---- DATA SHOWN

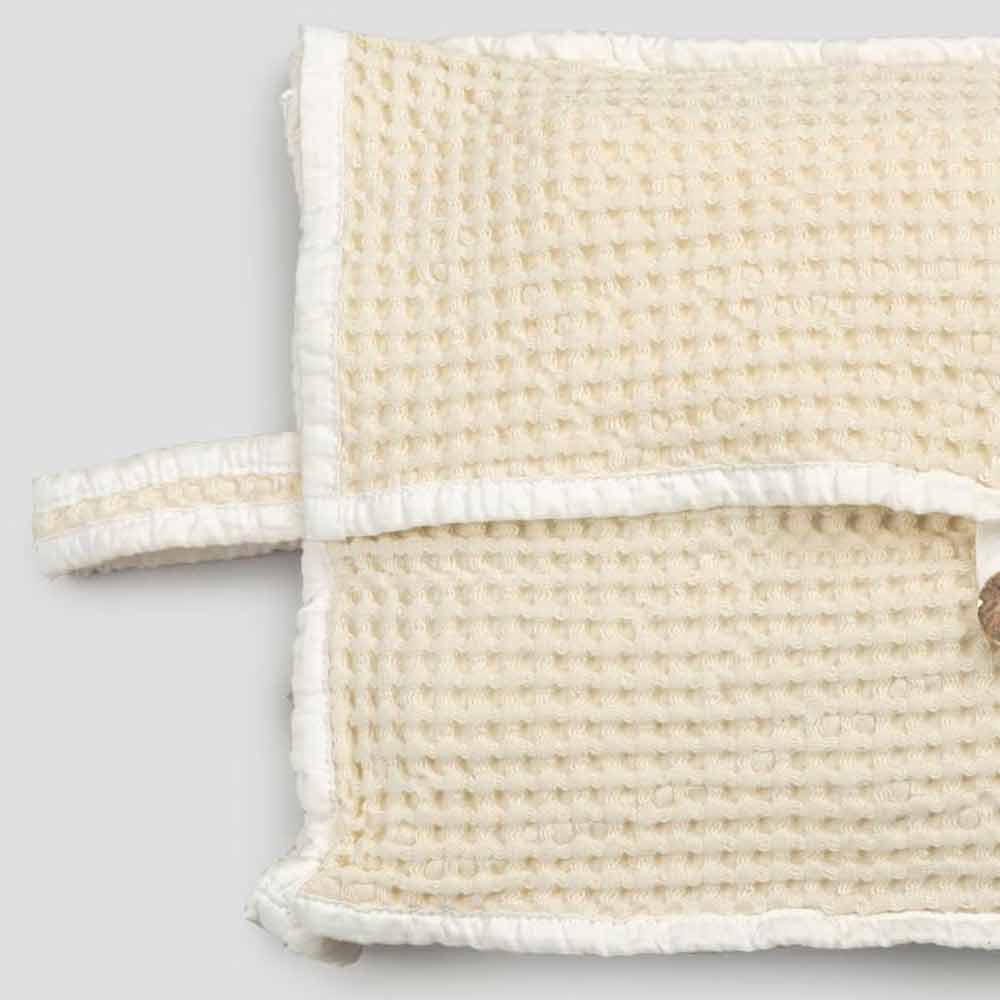 Natürliche weiße Waben-Baumwoll-Clutch-Tasche mit Perlmuttknopf - Anteha
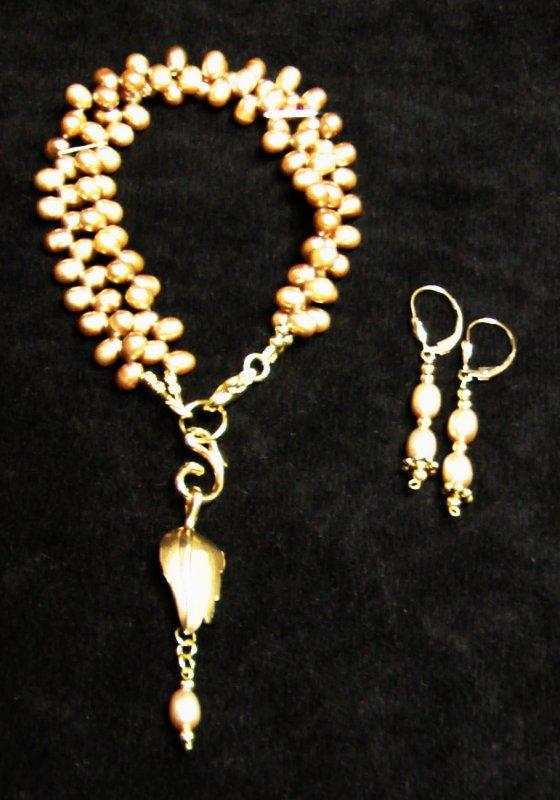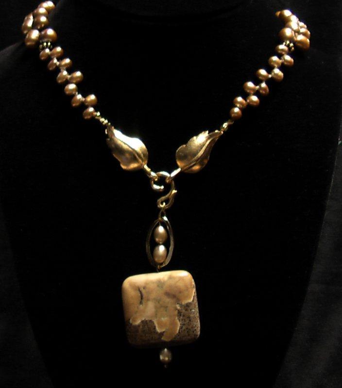 22" necklave with Jasper center stone and freshwater pearls. 8" Bracelet included. GF Leverback earrings.
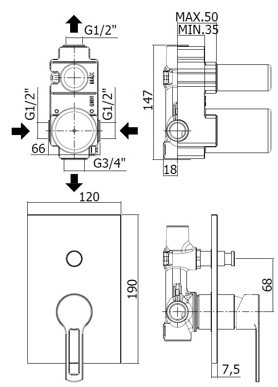Смеситель встраиваемый для душа на 2 выхода Paffoni RINGO RIN015NO/M встраиваемый на 2 выхода Черный матовый
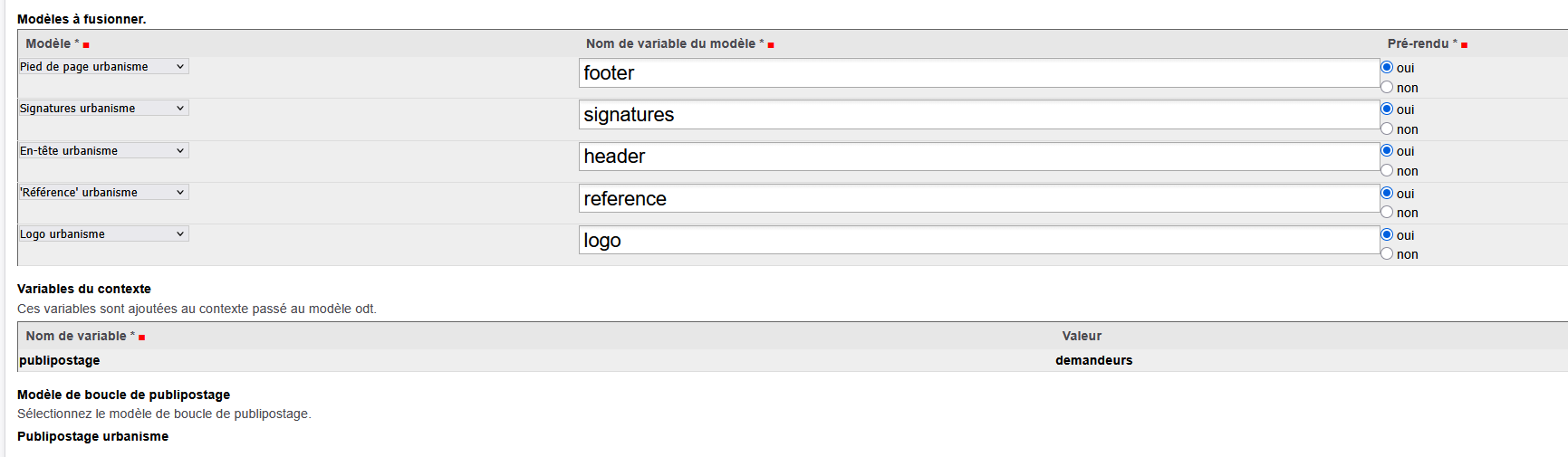 Modèle de boucle de publipostage : choisissez “publipostage urbanisme” si vous êtes dans le cas de l’urbanisme et environnement si vous êtes dans le cas de l’environnemment.

--------

§ **PROBLEM STATEMENT**
Give the material above again exactly as it stands, minus any images.

§ **RESULT**
 Natürliche weiße Waben-Baumwoll-Clutch-Tasche mit Perlmuttknopf - Anteha
 22" necklave with Jasper center stone and freshwater pearls. 8" Bracelet included. GF Leverback earrings.
Смеситель встраиваемый для душа на 2 выхода Paffoni RINGO RIN015NO/M встраиваемый на 2 выхода Черный матовый
 Modèle de boucle de publipostage : choisissez “publipostage urbanisme” si vous êtes dans le cas de l’urbanisme et environnement si vous êtes dans le cas de l’environnemment.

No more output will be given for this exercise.